EXERCISE:
Every line from the one holding "- Blood Orange" through the one holding "Зеркало Алмаз-Люкс круглое" in the data below must be returned exactly, both ends included, with pictures left out and nothing else added.

PROVIDED DATA:
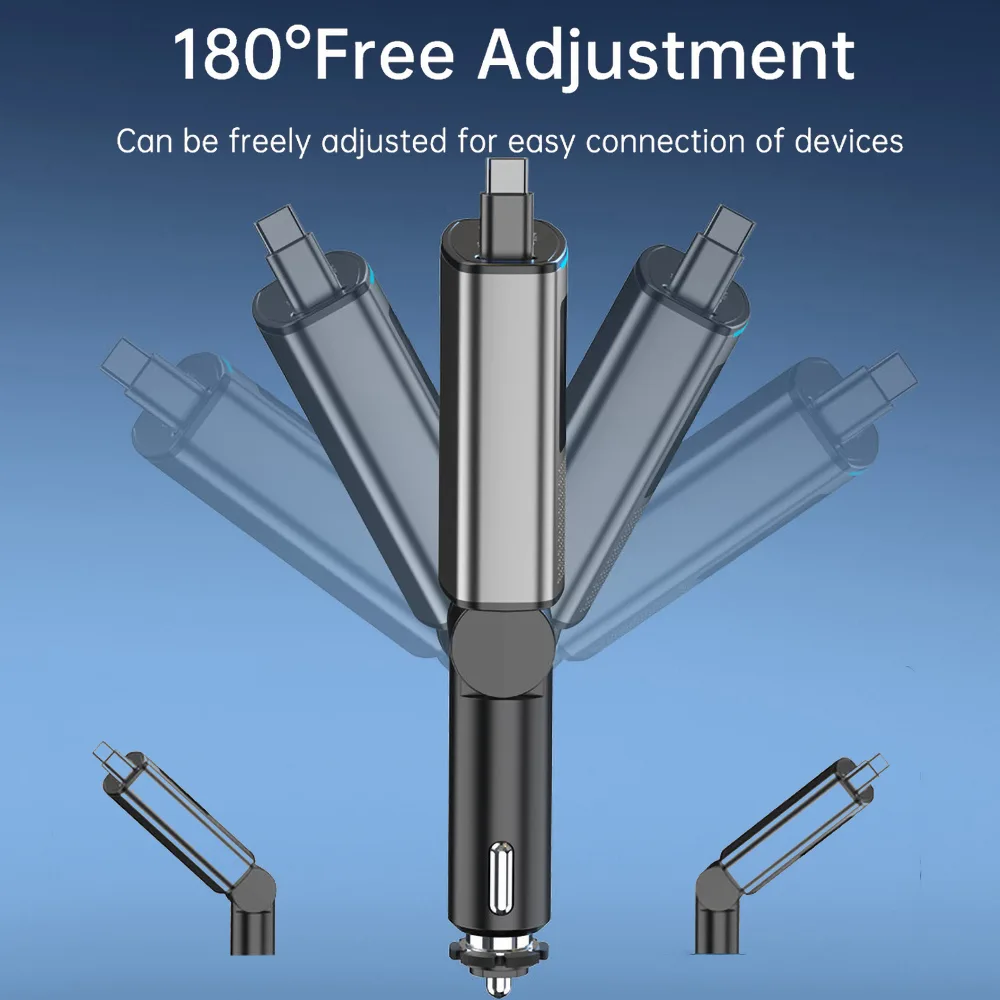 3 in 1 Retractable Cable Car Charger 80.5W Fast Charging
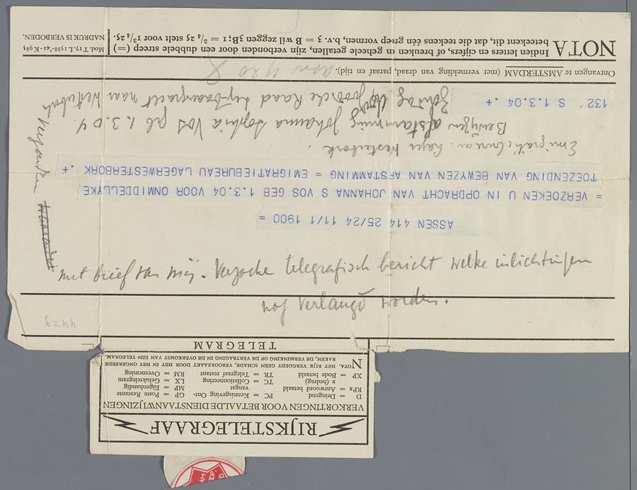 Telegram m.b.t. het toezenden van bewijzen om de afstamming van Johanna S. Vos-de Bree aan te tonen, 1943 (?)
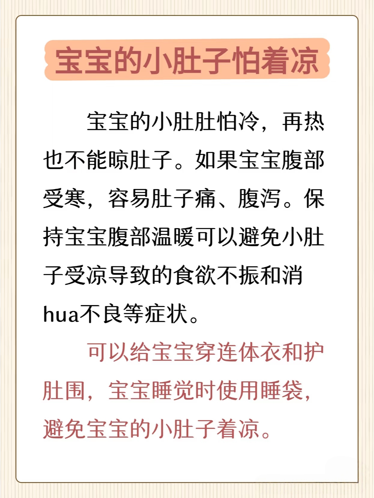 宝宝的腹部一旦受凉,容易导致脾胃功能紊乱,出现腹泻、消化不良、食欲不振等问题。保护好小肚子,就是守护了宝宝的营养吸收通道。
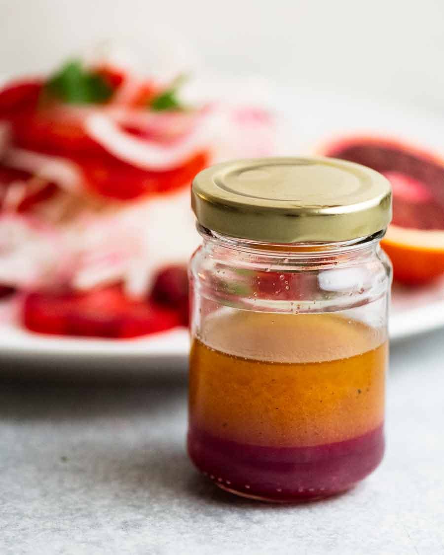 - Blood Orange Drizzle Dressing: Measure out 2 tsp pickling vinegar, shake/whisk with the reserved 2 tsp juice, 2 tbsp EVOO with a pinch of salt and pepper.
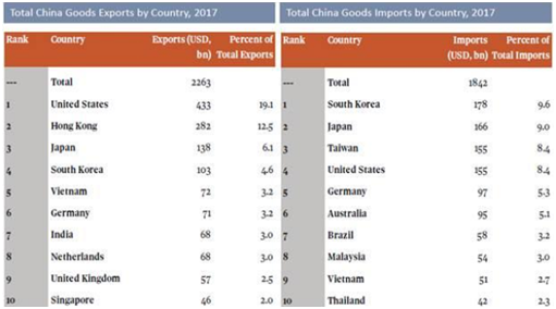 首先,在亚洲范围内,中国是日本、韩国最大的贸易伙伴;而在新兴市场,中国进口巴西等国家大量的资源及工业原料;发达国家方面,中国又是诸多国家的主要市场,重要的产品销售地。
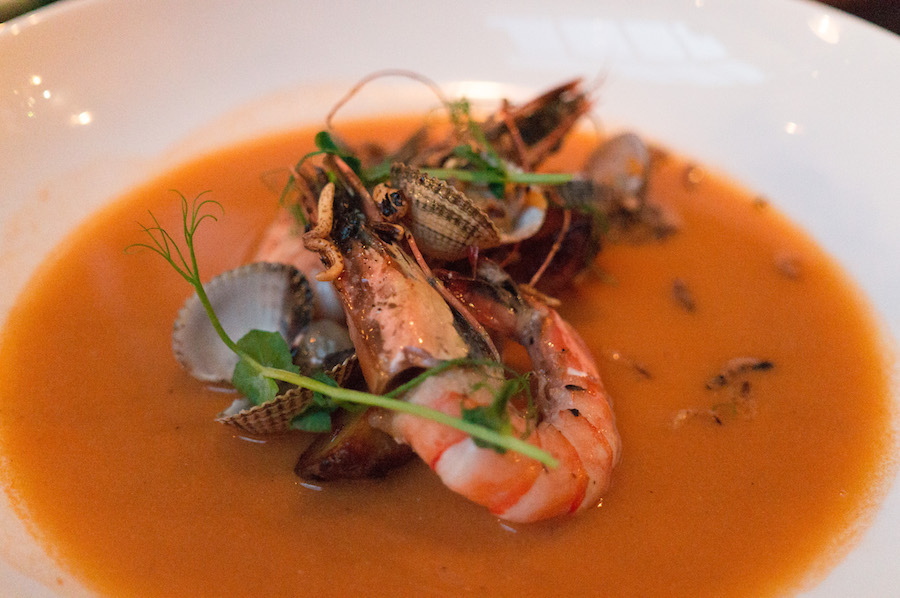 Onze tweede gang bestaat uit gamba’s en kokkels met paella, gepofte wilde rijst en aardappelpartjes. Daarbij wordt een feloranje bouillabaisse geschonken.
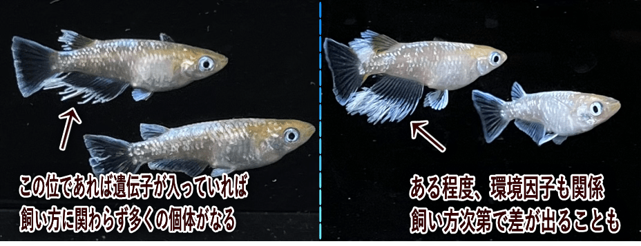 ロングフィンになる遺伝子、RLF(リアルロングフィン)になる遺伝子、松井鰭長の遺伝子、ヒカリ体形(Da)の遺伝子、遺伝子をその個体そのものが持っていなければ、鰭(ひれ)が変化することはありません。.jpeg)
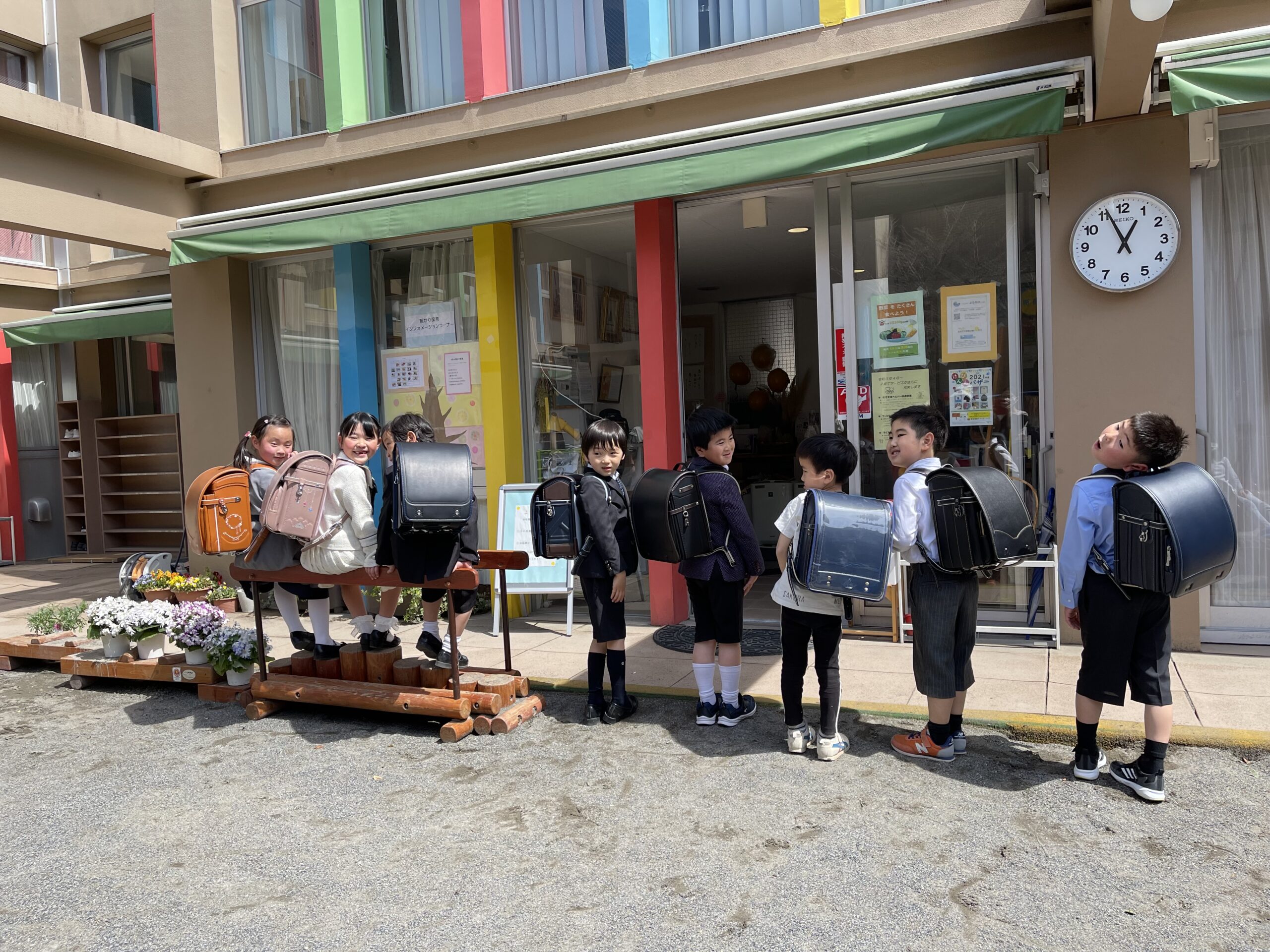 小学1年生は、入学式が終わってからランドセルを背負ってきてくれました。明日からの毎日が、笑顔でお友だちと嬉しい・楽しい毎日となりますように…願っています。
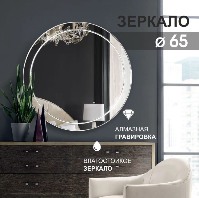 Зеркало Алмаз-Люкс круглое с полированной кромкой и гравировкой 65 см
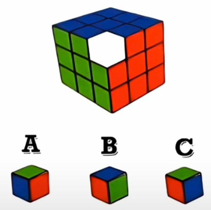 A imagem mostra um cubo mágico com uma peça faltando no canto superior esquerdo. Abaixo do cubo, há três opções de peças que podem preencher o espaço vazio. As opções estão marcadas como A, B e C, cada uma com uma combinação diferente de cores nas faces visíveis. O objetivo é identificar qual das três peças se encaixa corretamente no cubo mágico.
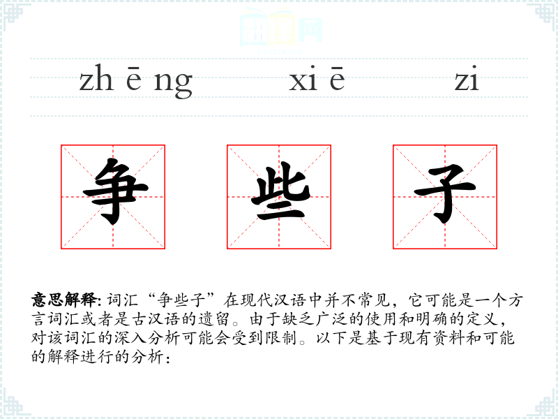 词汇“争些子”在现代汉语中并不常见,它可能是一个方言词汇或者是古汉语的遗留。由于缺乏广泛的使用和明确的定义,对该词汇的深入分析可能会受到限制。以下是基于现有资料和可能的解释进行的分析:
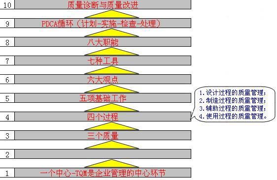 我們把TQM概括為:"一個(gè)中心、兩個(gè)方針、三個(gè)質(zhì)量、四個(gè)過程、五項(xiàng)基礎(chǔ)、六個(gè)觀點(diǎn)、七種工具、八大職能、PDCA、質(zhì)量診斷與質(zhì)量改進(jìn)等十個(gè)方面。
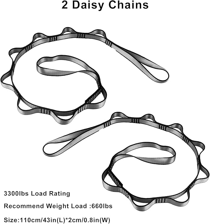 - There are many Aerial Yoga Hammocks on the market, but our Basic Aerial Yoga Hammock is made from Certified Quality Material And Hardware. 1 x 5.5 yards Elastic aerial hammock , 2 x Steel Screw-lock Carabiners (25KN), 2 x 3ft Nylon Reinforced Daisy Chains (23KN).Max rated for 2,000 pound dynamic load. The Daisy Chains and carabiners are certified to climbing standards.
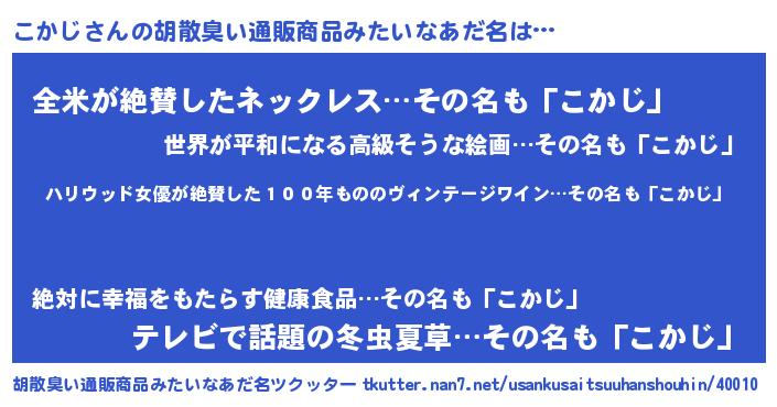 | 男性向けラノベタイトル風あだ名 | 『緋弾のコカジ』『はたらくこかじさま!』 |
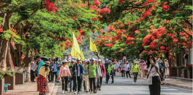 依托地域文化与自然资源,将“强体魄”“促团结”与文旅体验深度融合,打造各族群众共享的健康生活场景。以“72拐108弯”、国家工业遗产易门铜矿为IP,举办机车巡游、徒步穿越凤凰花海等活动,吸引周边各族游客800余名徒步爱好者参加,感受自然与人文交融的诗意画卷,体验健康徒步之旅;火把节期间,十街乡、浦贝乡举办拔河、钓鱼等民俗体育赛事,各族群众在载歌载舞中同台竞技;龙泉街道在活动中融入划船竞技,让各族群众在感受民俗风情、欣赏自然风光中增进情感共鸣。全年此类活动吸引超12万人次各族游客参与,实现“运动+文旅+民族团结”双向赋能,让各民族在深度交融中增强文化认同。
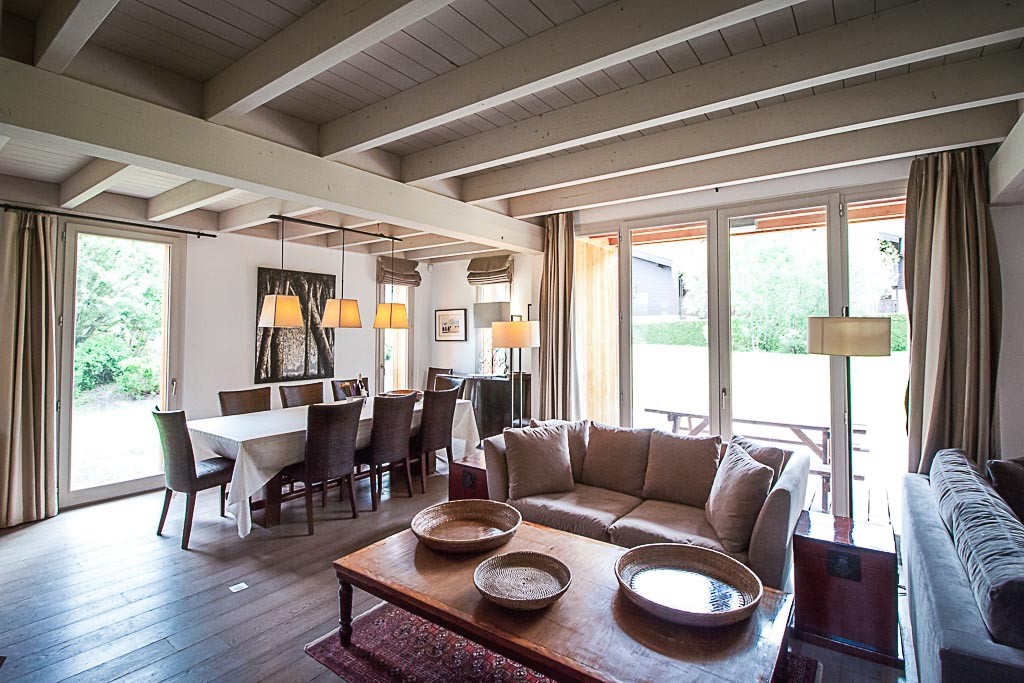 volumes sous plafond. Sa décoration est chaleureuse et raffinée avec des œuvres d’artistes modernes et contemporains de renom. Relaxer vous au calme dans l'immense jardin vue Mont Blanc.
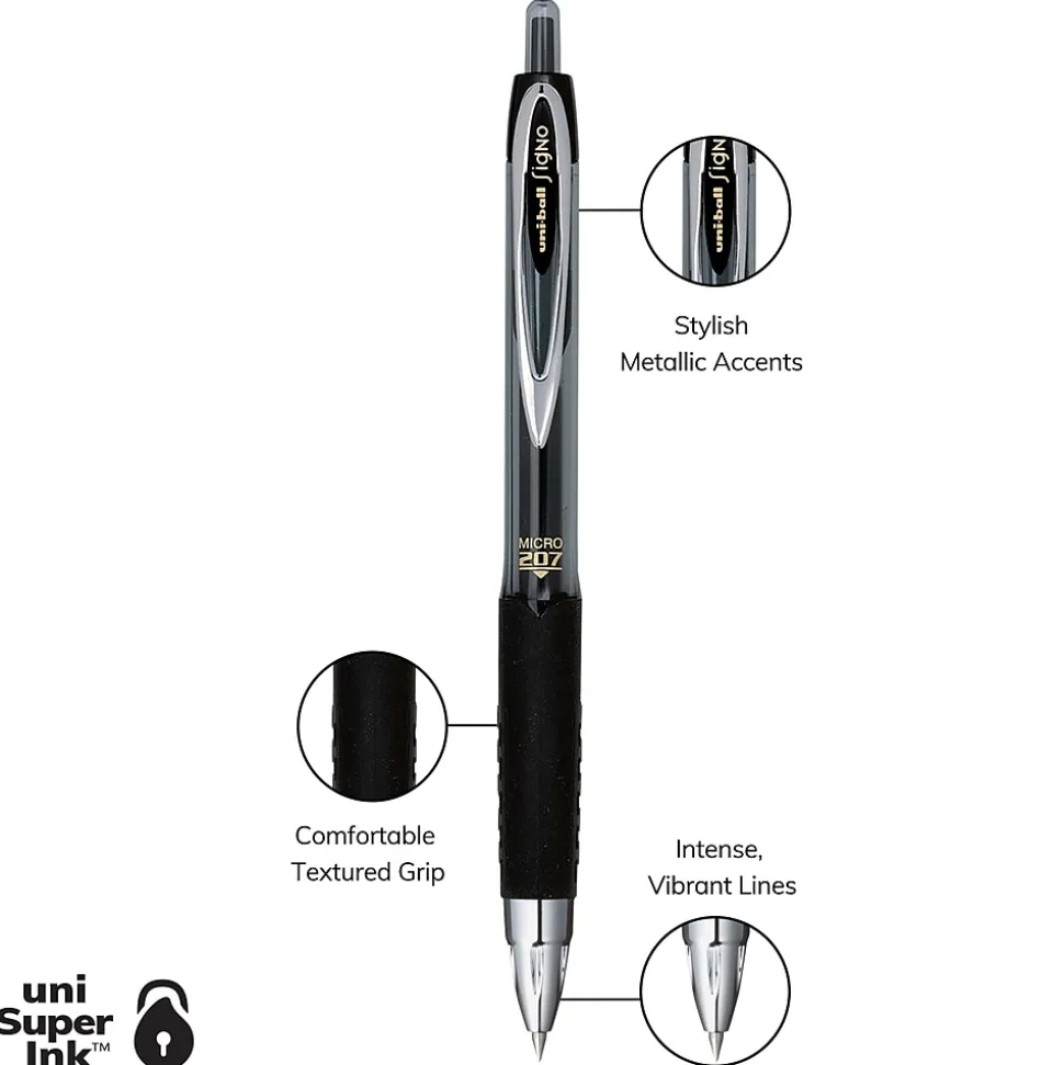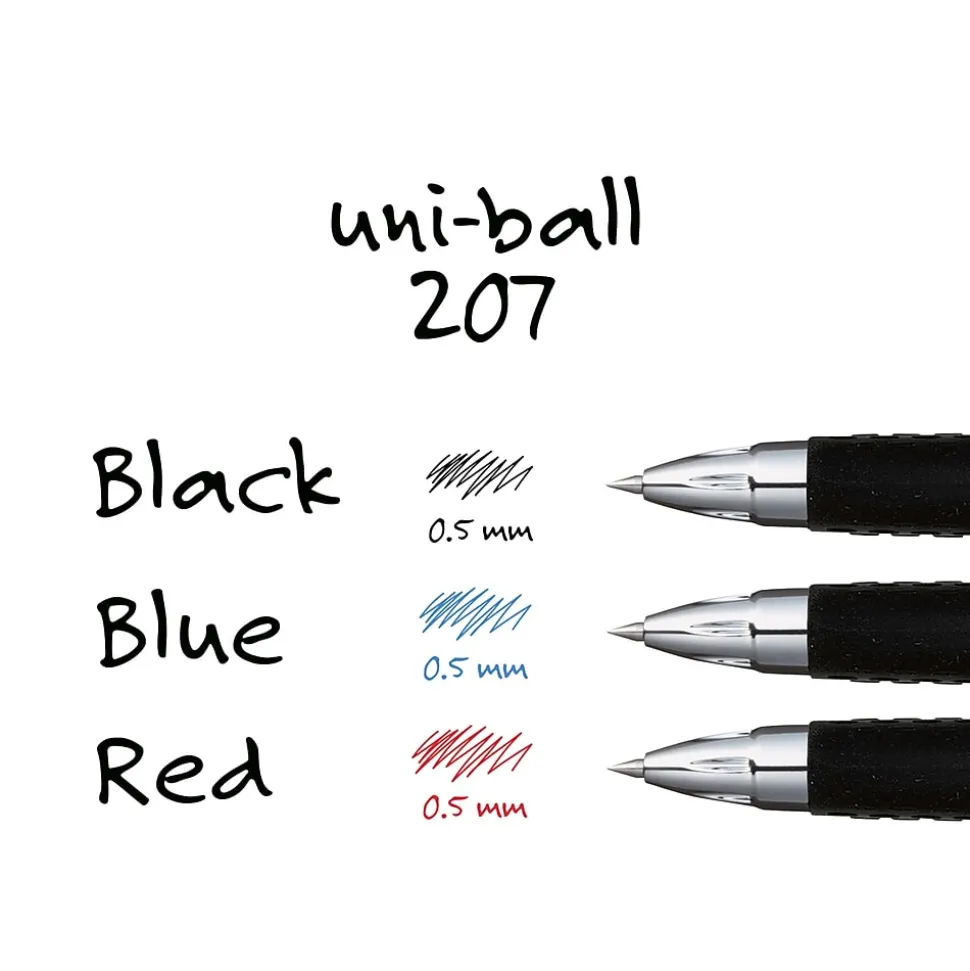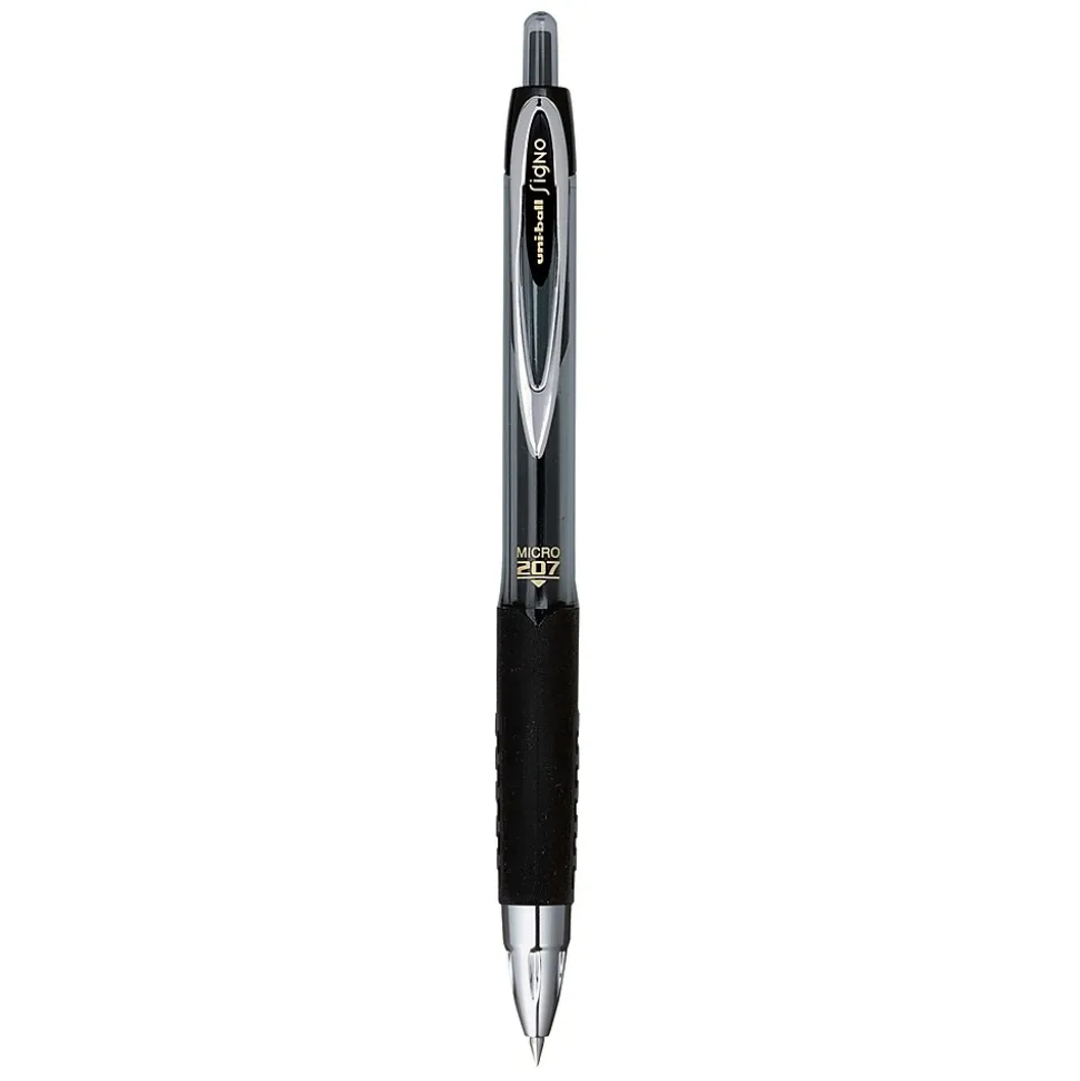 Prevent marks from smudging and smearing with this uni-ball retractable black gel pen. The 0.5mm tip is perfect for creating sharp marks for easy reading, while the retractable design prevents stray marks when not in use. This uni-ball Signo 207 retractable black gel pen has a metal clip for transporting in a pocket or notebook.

TASK SOLUTION:
 - Blood Orange Drizzle Dressing: Measure out 2 tsp pickling vinegar, shake/whisk with the reserved 2 tsp juice, 2 tbsp EVOO with a pinch of salt and pepper.
 首先,在亚洲范围内,中国是日本、韩国最大的贸易伙伴;而在新兴市场,中国进口巴西等国家大量的资源及工业原料;发达国家方面,中国又是诸多国家的主要市场,重要的产品销售地。
 Onze tweede gang bestaat uit gamba’s en kokkels met paella, gepofte wilde rijst en aardappelpartjes. Daarbij wordt een feloranje bouillabaisse geschonken.
 ロングフィンになる遺伝子、RLF(リアルロングフィン)になる遺伝子、松井鰭長の遺伝子、ヒカリ体形(Da)の遺伝子、遺伝子をその個体そのものが持っていなければ、鰭(ひれ)が変化することはありません。.jpeg)
 小学1年生は、入学式が終わってからランドセルを背負ってきてくれました。明日からの毎日が、笑顔でお友だちと嬉しい・楽しい毎日となりますように…願っています。
 Зеркало Алмаз-Люкс круглое с полированной кромкой и гравировкой 65 см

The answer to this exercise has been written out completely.